Le marché de ce "matériau miracle" devrait s'élever à 100 millions de dollars en 2018, prévoit IDTechEx. Samsung, IBM et des dizaines d'autres groupes ont déjà investi sur cette technologie. Entre juillet 2011 et février 2013, le nombre de brevets relatifs au graphène a triplé dans le monde, révèle un rapport de l'office britannique de la propriété intellectuelle. Avec plus de 1 500 "familles" de brevets (qui se rapportent à une même invention), la Chine est de loin le premier pays, alors que l'Europe, pourtant à l'origine de la découverte, en a déposé moins de 500.
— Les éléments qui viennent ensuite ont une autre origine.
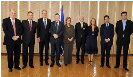
Kommissionspräsident Barroso, AdR Präsidentin Bresso und Präsidenten der Verbände
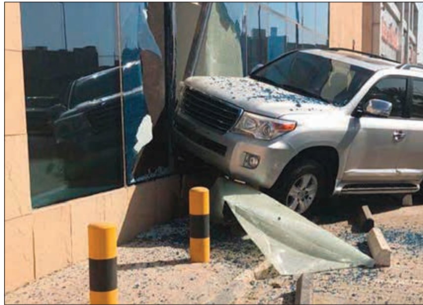
المركبة وقد اقتحمت واجهة البنك عن طريق الخطأ

أحمد خميس - محمد الدشيش توفي مواطن في حادث تصادم على طريق الفحيحيل، وفتحت أجهزة وزارة الداخلية تحقيقاً بشأن الحادثة. من جهة أخرى، تعرضت واجهة أحد البنوك المحلية في منطقة الشامية إلى تلفيات

La Commission européenne a décidé de rattraper son retard et a choisi le graphène pour lancer en janvier 2013 son premier "Flagship", des projets sur 10 ans associant tous les pays européens en consortium. Doté d'un budget exceptionnel d'un milliard d'euros, il est baptisé "Graphène" et destiné à développer des applications commerciales. Il implique pas moins de quatre prix Nobel de physique et des représentants d'industriels majeurs comme Nokia, Airbus, ou Thales. En première ligne, la France s'est vue attribuer 14% du budget et fait bûcher quinze laboratoires de recherche sur le sujet.
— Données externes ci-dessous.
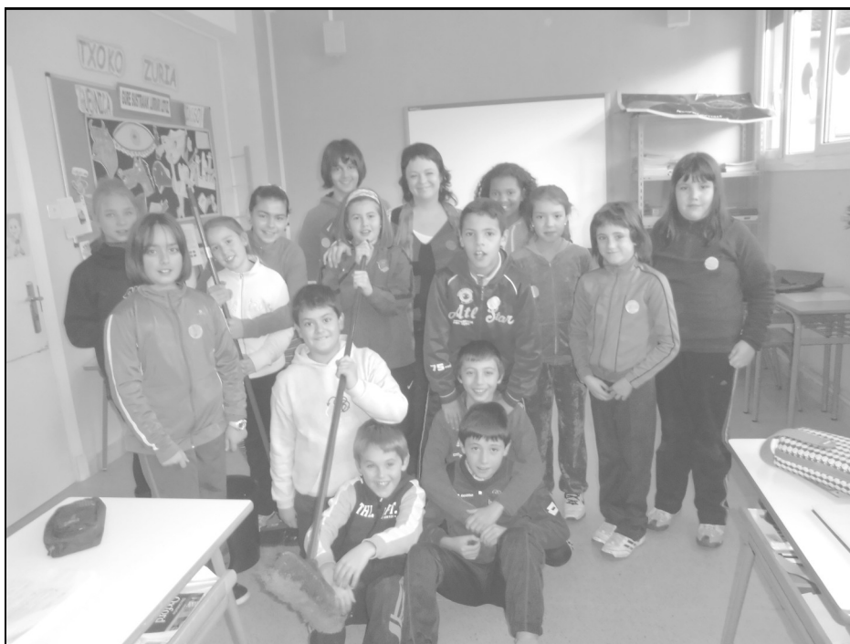
Lautada ikastola - Agurain 5. maila

Le casse-tête de la fabrication en masse

Le hic, c'est qu'il est encore très difficile de fabriquer du graphène en quantité industrielle. "Pour l'instant, un centimètre carré de graphène de bonne qualité coûte autour de 100 euros", confie Etienne Quesnel. 3 000 fois plus cher que les matériaux actuellement utilisés dans les panneaux solaires par exemple. Et la production en laboratoire se mesure encore en grammes. Mais là encore, les progrès sont rapides : des chercheurs irlandais ont développé une technique de production à grande échelle... à l'aide d'un simple mixeur de cuisine, en se servant d'eau et de savon liquide. Et ont conclu un partenariat avec une entreprise britannique qui se chargera d'industrialiser leur procédé.
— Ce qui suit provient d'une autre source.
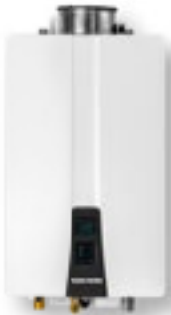
NPN-Universal configurado para interiores

Tome la decisión inteligente y disfrute sumergirse en agua caliente continua con Navien
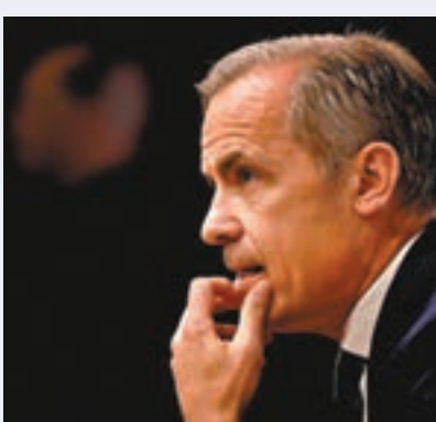
■ 卡尼延長任期至2020年。
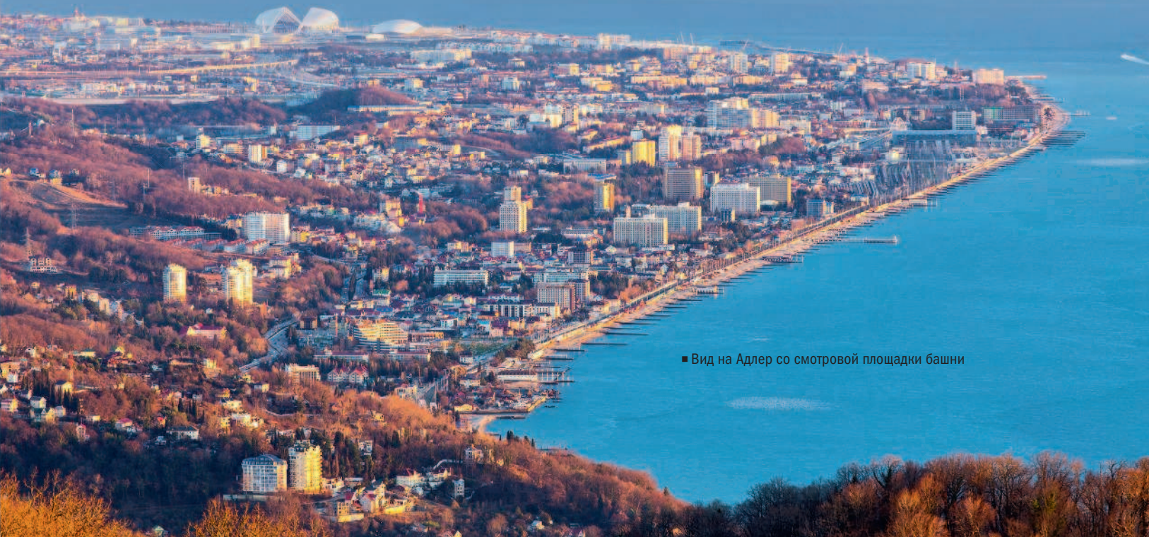
■ Вид на Адлер со смотровой площадки башни

Les premiers produits devraient arriver sur le marché dans moins de cinq ans

Certains scientifiques jugent pourtant que le graphène est déjà dépassé. Ils ont déjà d'autres matériaux dans leur ligne de mire : le disulfure de molybdène, une poudre noire-argentée issue du minerai de molybdène, possède par exemple des propriétés analogues au graphène mais c'est en plus un semi-conducteur, ce qui permettrait d'en faire des transistors sans modifier sa structure (le graphène ne se comporte pas naturellement en semi-conducteur). Le silicène, une feuille de silicium d'un atome d'épaisseur qui a récemment été synthétisé, présente le même avantage et pourrait en plus s'intégrer facilement dans tous les processus de fabrication de circuits électroniques déjà basés sur le silicium.
Etienne Quesnel, lui, estime que l'avenir industriel du graphène est bel est bien prometteur pour certaines applications spécifiques. "On devrait voir les premiers produits dans moins de cinq ans", avance-t-il.